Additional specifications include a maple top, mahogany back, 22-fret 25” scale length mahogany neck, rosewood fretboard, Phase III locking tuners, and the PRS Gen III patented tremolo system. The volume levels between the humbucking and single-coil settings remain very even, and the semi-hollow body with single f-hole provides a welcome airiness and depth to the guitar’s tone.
---
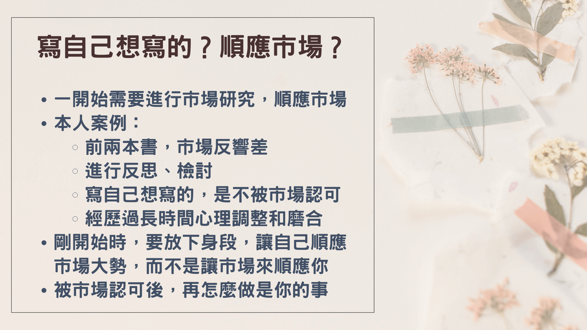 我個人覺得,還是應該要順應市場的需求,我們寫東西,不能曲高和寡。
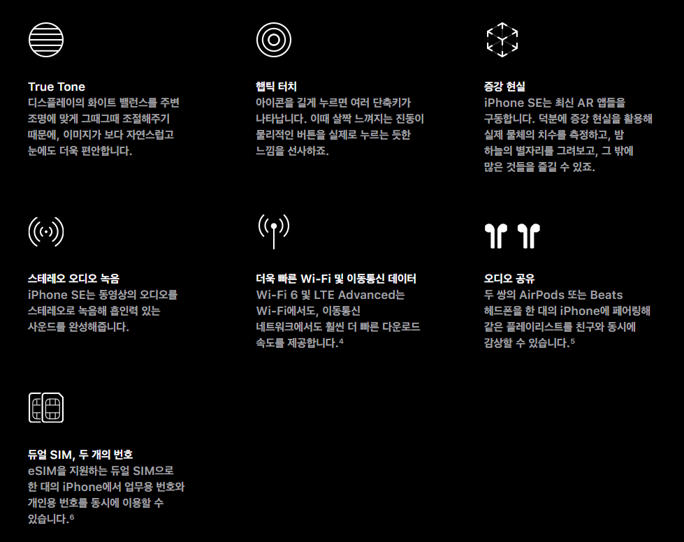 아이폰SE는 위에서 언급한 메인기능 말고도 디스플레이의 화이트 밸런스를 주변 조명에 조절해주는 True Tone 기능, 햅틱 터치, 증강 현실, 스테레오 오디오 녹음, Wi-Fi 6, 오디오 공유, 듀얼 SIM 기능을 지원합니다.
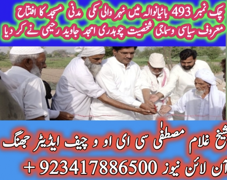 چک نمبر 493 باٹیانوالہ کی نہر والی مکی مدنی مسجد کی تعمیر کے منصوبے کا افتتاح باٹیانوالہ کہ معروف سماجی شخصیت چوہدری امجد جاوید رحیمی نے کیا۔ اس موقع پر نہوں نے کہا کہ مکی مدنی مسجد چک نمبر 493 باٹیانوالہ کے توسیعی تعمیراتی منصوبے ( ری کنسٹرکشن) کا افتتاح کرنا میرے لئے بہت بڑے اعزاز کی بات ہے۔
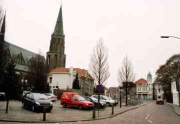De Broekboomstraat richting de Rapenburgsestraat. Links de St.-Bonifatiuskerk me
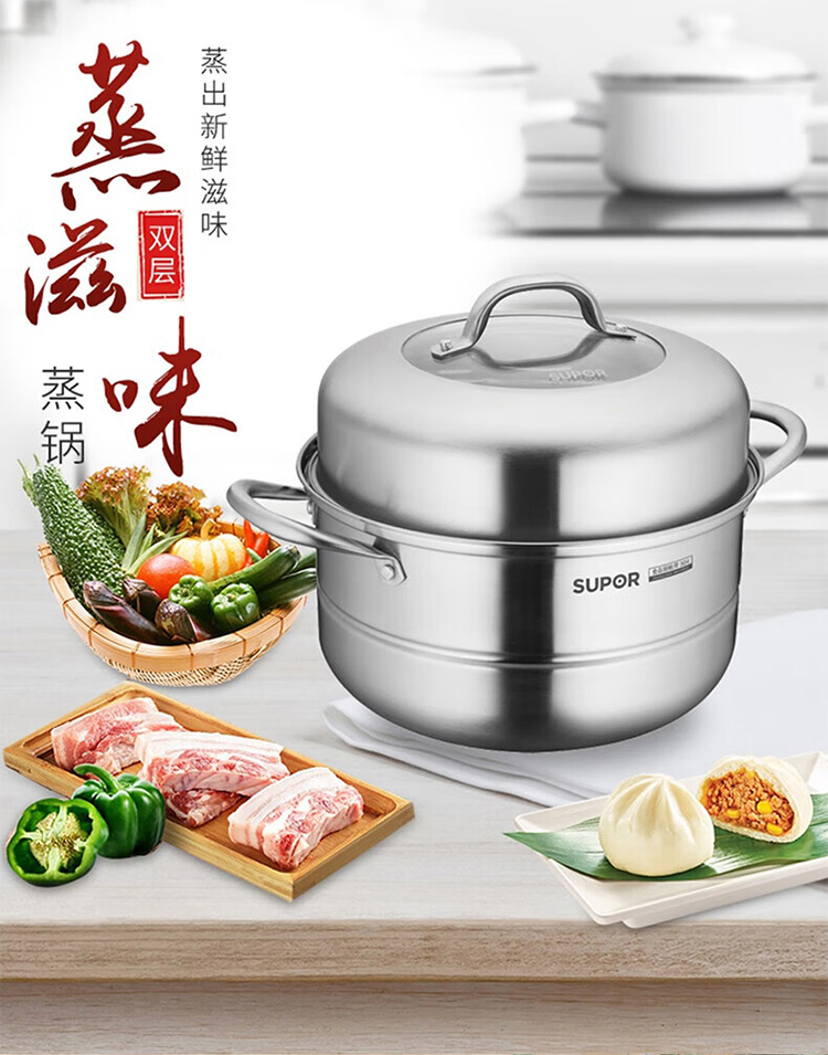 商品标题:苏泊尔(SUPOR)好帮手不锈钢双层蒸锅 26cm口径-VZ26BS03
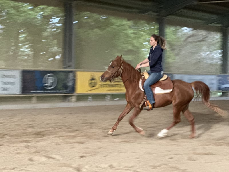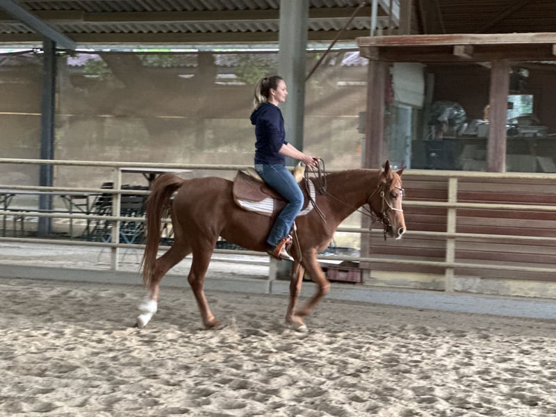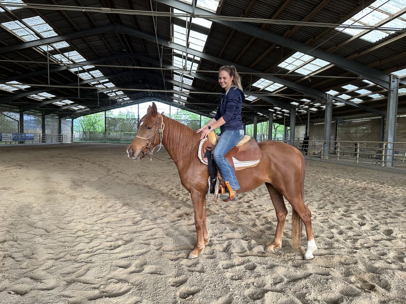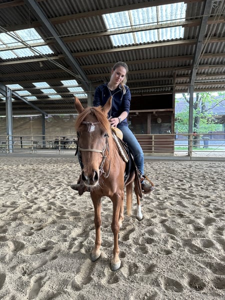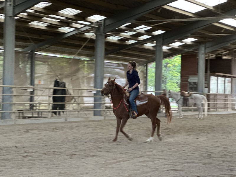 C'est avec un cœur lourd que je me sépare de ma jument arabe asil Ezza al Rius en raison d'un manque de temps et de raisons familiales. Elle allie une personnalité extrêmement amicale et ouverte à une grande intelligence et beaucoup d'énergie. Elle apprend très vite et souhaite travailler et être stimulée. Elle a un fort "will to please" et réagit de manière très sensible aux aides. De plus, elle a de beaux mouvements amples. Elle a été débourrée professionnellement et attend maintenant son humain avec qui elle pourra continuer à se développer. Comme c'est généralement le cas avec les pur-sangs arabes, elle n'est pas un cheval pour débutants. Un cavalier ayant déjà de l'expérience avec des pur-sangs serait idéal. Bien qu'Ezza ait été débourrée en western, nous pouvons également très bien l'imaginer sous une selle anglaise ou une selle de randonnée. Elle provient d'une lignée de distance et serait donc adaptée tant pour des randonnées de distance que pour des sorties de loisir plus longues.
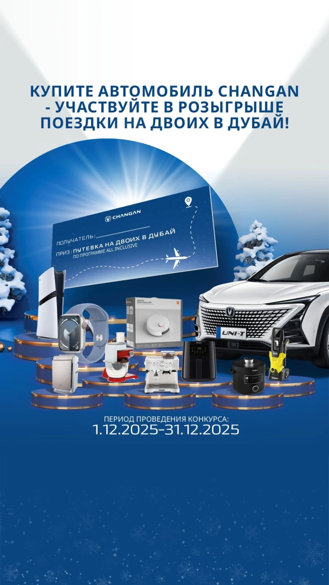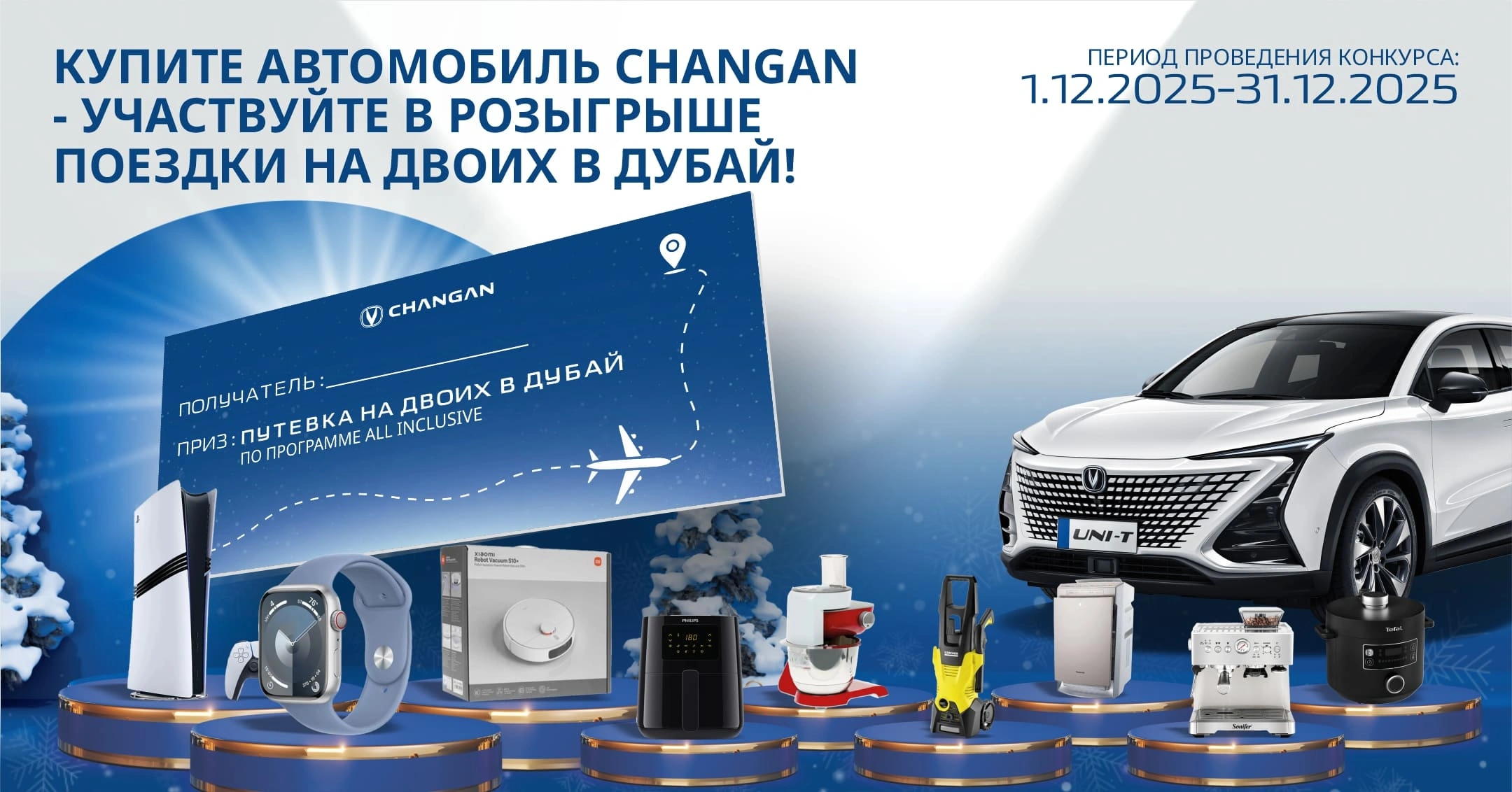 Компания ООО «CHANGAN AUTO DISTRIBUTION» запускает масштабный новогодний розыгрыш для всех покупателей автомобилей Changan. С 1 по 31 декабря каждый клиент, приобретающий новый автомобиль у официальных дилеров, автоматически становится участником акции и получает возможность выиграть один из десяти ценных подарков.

> [GOAL OF THE EXERCISE] Using the entries above, repeat exactly the lines from the one with "De Broekboomstraat richting" to the one with "商品标题:苏泊尔(SUPOR", both included, and leave the pictures behind.

> [YOUR SOLUTION]
De Broekboomstraat richting de Rapenburgsestraat. Links de St.-Bonifatiuskerk me
 商品标题:苏泊尔(SUPOR)好帮手不锈钢双层蒸锅 26cm口径-VZ26BS03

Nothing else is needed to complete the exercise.